Изменить стиль страницы

(XXIV, 69) При этих обстоятельствах, Гай Манилий, я прежде всего хвалю и полностью поддерживаю внесенный тобой закон, твое решение и твое суждение; затем я призываю тебя остаться, с одобрения римского народа, верным своему мнению и не страшиться ни насилия, ни угроз с чьей бы то ни было стороны. Во-первых, ты, мне думается, достаточно храбр и непоколебим; во-вторых, при виде такой огромной толпы, которая здесь, как мы видим, снова с таким восторгом наделяет полномочиями того же самого человека, разве мы можем сомневаться в правоте своего дела и в своем конечном успехе? Сам же я обещаю и обязуюсь перед тобой и перед римским народом посвятить свершению этого дела все свое усердие, ум, трудолюбие, дарование, все то влияние, каким я пользуюсь благодаря милости римского народа, то есть благодаря своей преторской власти, а также своему личному авторитету, честности и стойкости. (70) И я призываю в свидетели всех богов и в особенности тех, которые являются покровителями этого священного места[548] и видят все помыслы всех государственных мужей; делаю это не по чьей-либо просьбе, не с целью приобрести своим участием в этом деле расположение Гнея Помпея, не из желания найти в чьем-либо мощном влиянии защиту от возможных опасностей и помощь при соискании почетных должностей, так как опасности я — насколько человек может за себя ручаться — легко избегну своим бескорыстием; почестей же я достигну не благодаря одному человеку, не выступлениями с этого места, а, при вашем благоволении, все тем же своим неутомимым трудолюбием.

(71) Итак, все взятое мной на себя в этом деле, квириты, было взято — я твердо заявляю об этом — ради блага государства, и я настолько далек от стремления приобрести чье-либо расположение, что даже навлек на себя — я это понимаю — и явное и тайное недоброжелательство многих людей и притом без настоятельной необходимости для себя лично, но не без пользы для вас.

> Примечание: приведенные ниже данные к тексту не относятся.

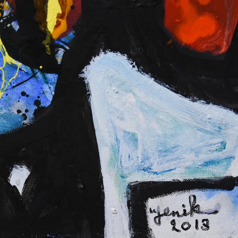 This is an original acrylic painting on gallery wrapped canvas by Jenik Cook, hand signed by the artist. Includes Letter of Authenticity. This piece comes from the artist's personal collection. Measures approx. 40" x 30" (image). There is some wear on the

Однако я, будучи вами удостоен почетной должности и получив от вас, квириты, такие значительные милости, решил, что вашу волю, достоинство государства и благополучие провинций и союзников мне следует ставить выше, чем все свои личные выгоды и расчеты.

6. Речь в защиту Авла Клуенция Габита

[В суде, 66 г. до н. э.]

Суд над Клуенцием происходил на основании Корнелиева закона об убийцах и отравителях, проведенного Суллой в 81 г. Председателем суда был Квинт Воконий Насон, обвинение поддерживали Тит Аттий и молодой Аббий Оппианик. Обвиняемый Авл Клуенций Габит, родом из Ларина, был римским всадником. По словам Цицерона, между ним и его матерью Сассией возникла вражда, когда Сассия отбила у своей дочери, сестры обвиняемого, ее мужа Авла Аврия Мелина и вступила с ним в брак. Когда Мелин был убит после захвата власти Суллой, Сассия вышла замуж — уже в третий раз — за его убийцу, Стация Аббия Оппианика. История вражды между Клуенцием, с одной стороны, и Сассией и Оппиаником — с другой, и составляет содержание всего дела.

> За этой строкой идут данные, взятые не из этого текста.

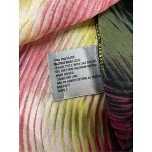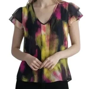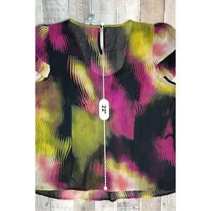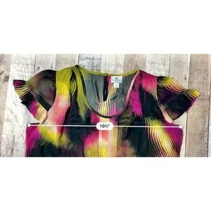 Worthington Petite Multi-color Sheer Cap Sleeve Blouse sz PL. Super cute scoop neck blouse with ruffle cap sleeve. 100% Polyester. Machine washable. Item in excellent gently used condition. No known rips, tears, holes, stains or defects. Did not come with belt.

Оппианик будто бы умертвил пятерых жен, одну за другой, своего брата Гая Оппианика и его жену Аврию; он совершил и ряд других убийств. Спасаясь от преследований Авриев, он отправился в лагерь Квинта Метелла Пия, сторонника Суллы. Победа Суллы в гражданской войне позволила Оппианику возвратиться в Ларин и расправиться со своими обвинителями, внеся их в проскрипционные списки. Так погиб, в частности, Авл Аврий Мелин, на вдове которого, Сассии, Оппианик впоследствии женился. Сассия условием своего согласия на брак поставила, чтобы Оппианик устранил своих двух малолетних сыновей. Вскоре между Клуенцием и Оппиаником возникло недоразумение в связи с событиями в Ларине — из-за марциалов, служителей культа Марса, бывших на полурабском положении; Оппианик настаивал на том, что они — свободные люди, а это наносило ущерб интересам муниципия; дело было перенесено в Рим, Клуенций выступал от имени муниципия.

По словам Цицерона, это обстоятельство и желание Оппианика обеспечить себе в будущем права на имущество Сассии натолкнули его на попытку отравить Клуенция, которая была раскрыта и дала повод к судебному преследованию виновных: вольноотпущенника Скамандра, которого защищал Цицерон, и Гая Фабриция, патрона Скамандра. Суд под председательством Гая Юния осудил обвиняемых (74 г.). Затем суд, в том же составе (32 судьи) осудил самого Оппианика. Этот приговор породил толки о подкупе суда; их распространял народный трибун Луций Квинкций, защищавший Оппианика. Восемь судей (из семнадцати, голосовавших за осуждение) подверглись наказанию; сам Клуенций в 70 г. получил замечание от цензоров. Они исключили из сената двоих судей. В 72 г. Оппианик умер при неясных обстоятельствах. Цицерон дает понять, что в его смерти была виновна Сассия, но она обвинила в ней своего сына Авла Клуенция и подвергла пытке своих рабов, чтобы вырвать у них нужные ей показания.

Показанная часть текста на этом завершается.